Bayesian inference is also just an “algorithm which is useful for fitting models to data.”
Inference problems can be turned into optimization problems and vice versa. In particular the single MLE estimate from a full exhaustive inference over some data set conditioned on some observable is exactly equivalent to a global optimization problem solved with exhaustive search.

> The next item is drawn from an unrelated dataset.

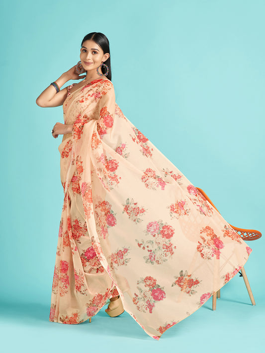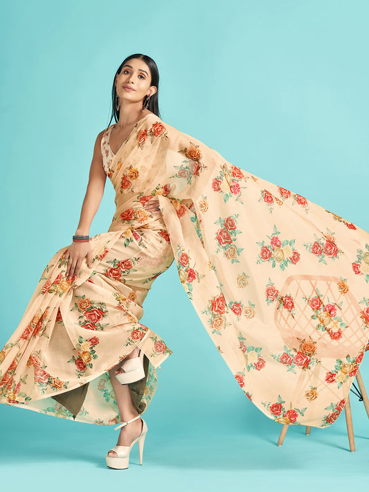 Women's Organza Cream Digital Print Designer Saree With Blouse Piece

Exhaustive methods have exponential order costs, so the first obvious large improvement is to approximate the full joint CDF by a factored graphical model, such as a factor graph. For real valued variables, tracking full distributions is still quite expensive, so the next level of approximation/optimization is to use simple analytic distributions such as gaussians. Another useful approximation then is to use some incremental sampling algorithm.
SGD type algorithms are equivalent to approximate MLE inference where only the mean of each variable is tracked, update messages are swept through the data in a simple fashion, and the variance is related to the learning rate.
I apologize if my comment came off as rude. I certainly didn’t mean to assert any kind of authority over this. I am just a hobbyists and some minor points you made bothered me. Mainly the comment about the limiting factor of NNs being the optimization algorithm they use, or that the brain uses something far better. The points about bayesian inference was just tangential.
I didn’t mean bayesianism the philosophy, just bayesian methods.
Yes but it’s not an optimization algorithms. Optimization algorithms are more general than statistics. You can use an optimization algorithm to find the optimal parameters for an airplane wing or the shortest path between several cities.
Conversely bayesian inference doesn’t specify how the parameters should be optimized, just that you should somehow weigh every possibility according to it’s probability.
I am not saying that they aren’t related at all, just that it’s worth distinguishing them as qualitatively different concepts, where you seem to use them interchangeably.
I didn’t say SGD is the main limiting factor of ANNs, or that the brain using something far better. I said “the brain probably uses something even better than modern SGD ..”
Modern SGD methods—especially with auto learning rate tuning and the new normalization schemes (which btw relates directly to better variance/uncertainty models in stat inference methods) - are pretty powerful, but they still learn somewhat slowly, requiring numerous passes through the data to reach a good solution.
I don’t have time to dig deep into how the brain may use techniques better than SGD … but as a simple single example of one thing it does better: current SGD ANN training computes the same update steps for the same high cost across the entire network for every training example, even though examples vary vastly in their novelty/difficulty/utility of learning. The brain appears to be much better about managing its limited resources.
They are largely interchangeable in machine learning in the sense that you can use optimization techniques (SGD) or inference techniques (expectation propagation, expectation backpropagation, MCMC, etc) to train a model (such as an ANN).
Much of the ‘wisdom’ or deep insightful knowledge in a particular field consists of learning all the structural relations and symmetries between different algorithms/techniques which enable internal mental compression of all of the raw low level knowledge: learning which techniques are generalizations, specializations, approximations, or restricted transformations of others. In the beginning, everything looks disconnected and compartmentalized, but eventually one sees how everything is connected.
General optimization can be used to implement inference, and vice versa. You can recast optimization as an inference problem: the initial settings/constraints become a prior, the utility/loss function is converted into a probability measure, learning rates relate to variance/precision, etc. See survey papers such as “Representation Learning”, or look into the use of bayesian methods in machine learning (as replacements for optimization methods) to get some perspective on how they all relate.